SBA-approved banks have been swamped by customers who wanted to submit applications ever since PPP launched. During the first weekend of the program alone, Fredericksburg-based Virginia Partners Bank made about 140 loans worth about $20 million.
“We normally do $10 million in loans a month,” said President and CEO Lloyd Harrison. “Since then, we have continued to handle applications, which total between 500 and 600, for many tens of millions of dollars.”
“A lot of them are for what I would call Main Street businesses, from hair salons to restaurants, big companies in construction-related industries, government contractors. It’s pretty much a broad cross section of the business community,” he said. “And they’ve been everywhere from under $10,000 to several million dollars and everything in between.”

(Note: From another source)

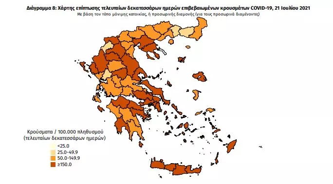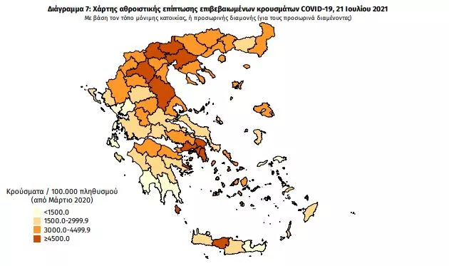 Γεωγραφική διασπορά: Ο χάρτης αποτυπώνει τη γεωγραφική κατανομή των συνολικών κρουσμάτων COVID-19 (από την αρχή της επιδημίας) ανά Περιφερειακή Ενότητα της χώρας, με βάση την δηλωθείσα διεύθυνση μόνιμης κατοικίας του ασθενούς, ή τη διεύθυνση προσωρινής διαμονής για τους τουρίστες και άλλους προσωρινά διαμένοντες στην Ελλάδα. Συμπεριλαμβάνονται τόσο κρούσματα με ιστορικό ταξιδίου (“εισαγόμενα”) όσο και κρούσματα με πιθανή εγχώρια μετάδοση

John Asbury, president of Atlantic Union Bankshares, said the demand is unlike anything he’s ever seen, and likened the rush to get applications in before PPP funds were exhausted to a foot race.
By last Thursday, Atlantic Union Bank, which started in Caroline County and is now Virginia’s largest financial institution, had received more than 9,000 loan requests seeking approximately $1.8 billion in PPP funds. Of those loan requests, the SBA had approved nearly 6,500 loans with total value of approximately $1.4 billion.
“The reason why demand is so overwhelming is that if you are a small business, if you employ less than 500 people, you’re likely eligible for this program,” Asbury said. “You attest to the U.S. government on the application form that you have been impacted by the COVID-19. That’s not a very high bar, and so you make a statement that funding is necessary to support the ongoing business. Non-profits, including churches, are eligible.”
He said that he’s seen everything from churches and the smallest of nonprofits all the way to companies that employ several hundred people apply for the program.
Both banks had to gear up quickly to meet demand, and concentrated on established customers because they already had much of the required documentation and could process loans faster.
Virginia Partners created a PPP task force that focused on providing clients with the resources and expertise needed to handle the loans.
“They have been at it seven days a week since then, and are doing a fantastic job,” Harrison said.
At Atlantic Union, 400 employees have been working full time, including nights and weekends, on nothing but PPP loan applications.
“We have thrown as many resources as possible at it,” Asbury said. “Part of what keeps us going is that we know our customers. We see the impact.”
Jeff Sullivan, co-owner of Bella Hair in downtown Fredericksburg, said that he applied for a PPP loan at Virginia Partners the first day it was available because the impact of COVID-19 on the salon has been a “nightmare.”
Bella Hair’s stylists haven’t been able to work since Gov. Ralph Northam ordered personal care businesses to close until April 23, and the business isn’t generating any income other than gift certificates.
“They’re all anxious. They want to come back and start working,” Sullivan said.
Northam has extended that date businesses such as Bella Hair can open to May 8. Sullivan said that he intends to use the loan to put his staff back on the payroll.
“Some have been on unemployment,” he said. “We’ll be able to keep them employed so when we’re able to open up, we’ll be ready to go.”